International career
- ? – ?: Republic of Ireland U17 / ? / (?)
- 2004–2005: Republic of Ireland U19 / ? / (?)
- 2015 – ?: Republic of Ireland / 2+ / (?)

= Carol Breen =

Irish association and Australian rules football player

Carol Breen (born 21 January 1986) is an Irish Australian rules footballer and former association footballer, who has played for the Republic of Ireland women's national football team and the Ireland national Australian rules football team. At club Australian rules football level, she most recently played for Randwick City Saints, and at club association football level, Breen last played for Wexford Youths.

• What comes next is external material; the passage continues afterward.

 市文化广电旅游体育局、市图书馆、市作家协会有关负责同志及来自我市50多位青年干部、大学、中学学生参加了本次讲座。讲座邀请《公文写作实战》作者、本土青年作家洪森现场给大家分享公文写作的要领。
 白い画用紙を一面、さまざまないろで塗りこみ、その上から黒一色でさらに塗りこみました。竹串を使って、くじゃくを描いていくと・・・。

==Association football career==
Breen played as a defender. Breen represented Republic of Ireland under-17s in the football event at the 2003 European Youth Summer Olympic Festival. She played for the Republic of Ireland under-19s from 2004 to 2005, and was in the squad for UEFA European Under-19 Championship qualifying matches. At the time, she was playing for Benfica.

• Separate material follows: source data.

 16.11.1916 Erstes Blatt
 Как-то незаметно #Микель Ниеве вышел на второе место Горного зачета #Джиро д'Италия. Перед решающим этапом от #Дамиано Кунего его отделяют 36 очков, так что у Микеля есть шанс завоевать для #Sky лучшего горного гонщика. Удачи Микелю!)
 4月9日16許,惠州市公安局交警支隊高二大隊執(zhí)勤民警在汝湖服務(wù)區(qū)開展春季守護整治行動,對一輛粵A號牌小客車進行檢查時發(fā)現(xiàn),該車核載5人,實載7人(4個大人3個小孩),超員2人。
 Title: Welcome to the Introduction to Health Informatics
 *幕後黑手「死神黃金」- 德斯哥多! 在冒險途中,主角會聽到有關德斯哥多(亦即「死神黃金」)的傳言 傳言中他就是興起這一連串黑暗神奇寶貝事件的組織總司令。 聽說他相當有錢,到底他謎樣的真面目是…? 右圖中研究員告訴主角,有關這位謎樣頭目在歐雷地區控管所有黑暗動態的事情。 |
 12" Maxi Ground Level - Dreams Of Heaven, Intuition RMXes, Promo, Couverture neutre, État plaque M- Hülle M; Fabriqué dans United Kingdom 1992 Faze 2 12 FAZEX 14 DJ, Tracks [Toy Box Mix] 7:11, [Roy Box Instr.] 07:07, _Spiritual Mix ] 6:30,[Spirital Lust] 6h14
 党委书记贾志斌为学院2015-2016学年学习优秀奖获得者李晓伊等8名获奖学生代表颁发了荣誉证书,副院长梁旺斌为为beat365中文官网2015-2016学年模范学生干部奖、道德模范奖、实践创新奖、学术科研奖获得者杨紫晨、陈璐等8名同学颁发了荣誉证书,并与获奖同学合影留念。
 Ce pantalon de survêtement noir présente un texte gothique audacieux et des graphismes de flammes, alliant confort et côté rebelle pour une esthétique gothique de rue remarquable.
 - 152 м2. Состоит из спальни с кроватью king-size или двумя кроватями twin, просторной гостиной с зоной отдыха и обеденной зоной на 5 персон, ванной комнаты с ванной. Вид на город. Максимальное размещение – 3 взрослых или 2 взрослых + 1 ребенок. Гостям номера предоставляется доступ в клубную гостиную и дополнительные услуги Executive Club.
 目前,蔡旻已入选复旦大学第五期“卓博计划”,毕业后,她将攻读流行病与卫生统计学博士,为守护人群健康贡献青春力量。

Breen later quit association football, and went backpacking in Australia. Whilst there she played Australian rules football and Gaelic football. She later lived in Canada, before returning to Ireland in 2014. She re-signed for local association football club Benfica in Waterford. Breen signed for Wexford Youths for the 2014–15 Women's National League season.

In March 2015, Breen made her debut for the Republic of Ireland women's national football team in the 2015 Istria Cup, and also played in Ireland's match against Austria at the same tournament. She had previously been called up to the squad for a winter training camp in La Manga. In 2015, she played for Wexford Youths in the UEFA Women's Champions League; she scored four goals in a qualifying group stage match against Cardiff Met. She was also part of the Wexford Youths team that won the 2015 FAI Women's Cup, the first time that Wexford Youths had won the tournament. She was named in the Women's National League Team of the Season for the 2014–15 season.

In January 2016, Breen was not selected in the Ireland squad for matches against the United States, as she was preparing to emigrate to Australia. Breen returned to Australia later that year.

==Australian rules career==

Breen played for UTS Shamrocks, and in 2016, she won the AFL Sydney Women's Division One Best and Fairest award. In 2018, she made 11 appearances for the Nor-West Jets, and she made 14 appearances for UTS Australian Football Club in 2019. In 2020, Breen made 10 appearances for Randwick City Saints.

Breen was part of the Ireland national Australian rules football team that won the 2017 Australian Football International Cup. She won the "best on ground" award in the final.